Brooks Sam C, Skafar Debra F
Department of Biochemistry and Molecular Biology, Wayne State University School of Medicine, Detroit, MI 48201, USA.
Steroids. 2004 Jun;69(6):401-18. doi: 10.1016/j.steroids.2004.03.014.
A variety of compounds, including the selective estrogen receptor (ER) modulators tamoxifen and raloxifene, phytoestrogens such as genistein, and xenoestrogens such as bisphenol, bind to the estrogen receptor and elicit biological responses. Structural studies have linked the altered activity of compounds such as 4-hydroxytamoxifen, raloxifene, genistein, and tetrahydrochrysene, which have substantially different structures from estradiol (E2), to differences in the positioning of the critical "helix 12" within the ligand-binding domain (LBD) of the ER-ligand complex. However, subtle permutations of the E2 molecule would also be expected to modulate the pattern of responses within a cell. Forty-two ligands were constructed by the addition or relocation of double bonds, hydroxyl, keto, amino, and nitro substituents throughout the estra-l,3,5(10)-triene (estratriene) ring system. In this review, we summarize the effects of subtle changes in the estratriene molecule on the ability of the receptor complex to stimulate the growth of MCF-7 cells, or affect the expression of four estrogen-regulated genes (progesterone receptor, pS2 protein, cathepsin D, and tissue plasminogen activator), as well as undergo nuclear processing and downregulate ERalpha mRNA. The affinity of these ligands for, and mechanism of their binding with, the ERalpha have been measured, along with their effect on the conformation of the ER-ERE complex. In particular, two A-ring isomers of E2, 2- and 4-hydroxyestratriene-17beta-ol, display gene selective activity within MCF-7 cells which is dependent on complex endogenous promoters, an intact AF-2 and is sensitive to the level of SRC-1. Both of these A-ring isomers function as antiestrogens. Molecular modeling of these two A-ring isomers complexed with the ER ligand-binding domain supports the idea that the conformation of the LBD is affected by subtle changes in the estratriene structure.

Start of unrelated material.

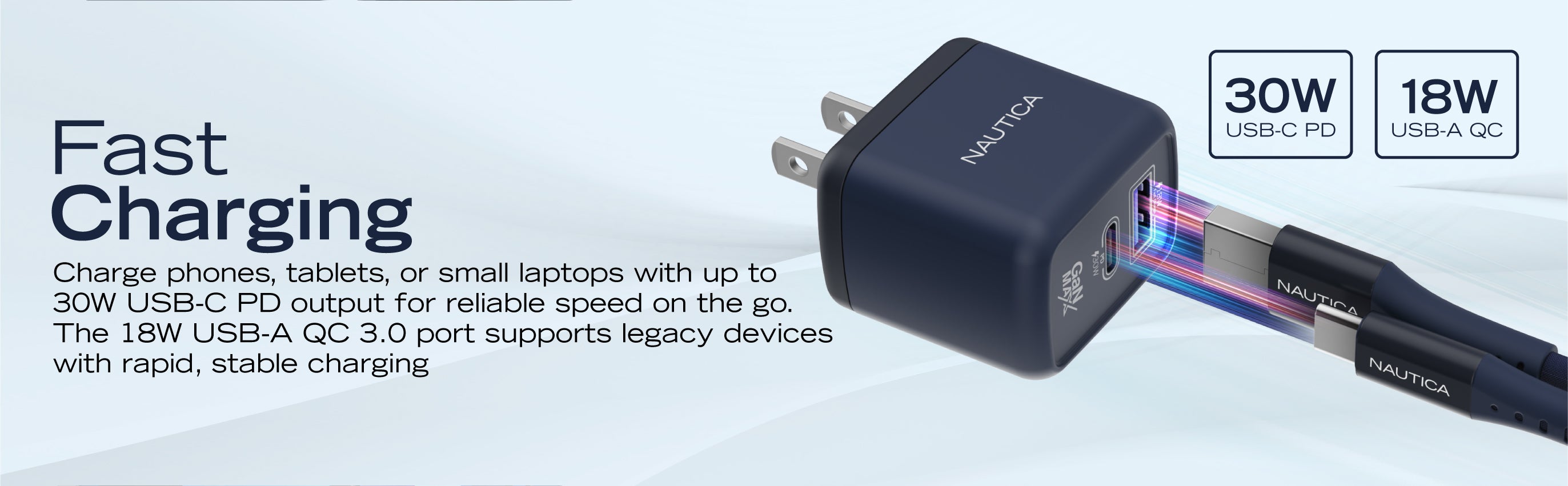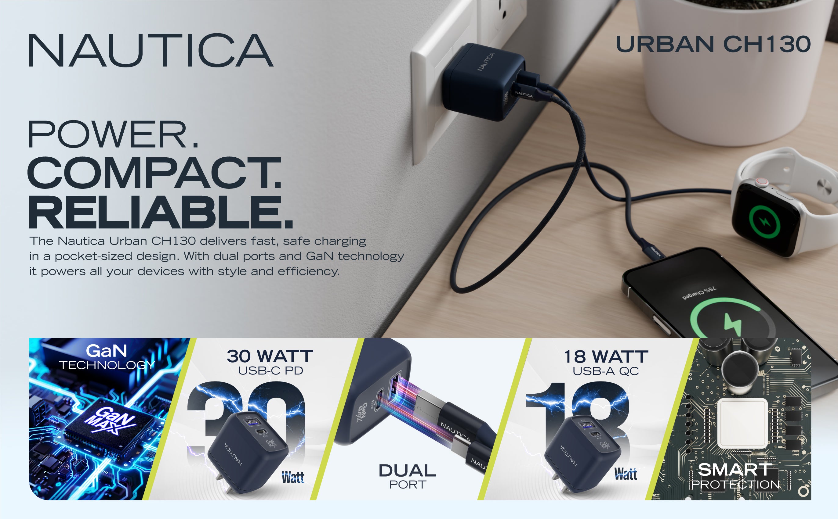 Some key features of the Nautica 30W Dual Port Wall Charger include:

多种化合物,包括选择性雌激素受体(ER)调节剂他莫昔芬和雷洛昔芬、植物雌激素如染料木黄酮以及外源性雌激素如双酚,都能与雌激素受体结合并引发生物学反应。结构研究表明,4-羟基他莫昔芬、雷洛昔芬、染料木黄酮和四氢 Chrysene 等化合物的活性改变与雌激素受体-配体复合物配体结合域(LBD)内关键“螺旋 12”的定位差异有关,这些化合物的结构与雌二醇(E2)有很大不同。然而,E2 分子的细微排列也有望调节细胞内的反应模式。通过在雌-1,3,5(10)-三烯(雌三烯)环系统中添加或重新定位双键、羟基、酮基、氨基和硝基取代基,构建了 42 种配体。在本综述中,我们总结了雌三烯分子的细微变化对受体复合物刺激 MCF-7 细胞生长的能力、影响四个雌激素调节基因(孕激素受体、pS2 蛋白、组织蛋白酶 D 和组织纤溶酶原激活剂)表达的能力,以及对核加工和下调 ERα mRNA 的影响。还测定了这些配体与 ERα的亲和力及其结合机制,以及它们对 ER-ERE 复合物构象的影响。特别是,E2 的两种 A 环异构体,2-和 4-羟基雌三烯-17β-醇,在 MCF-7 细胞内表现出基因选择性活性,这取决于复杂的内源性启动子、完整的 AF-2,并且对 SRC-1 的水平敏感。这两种 A 环异构体均发挥抗雌激素作用。这两种 A 环异构体与 ER 配体结合域复合的分子模型支持了 LBD 构象受雌三烯结构细微变化影响的观点。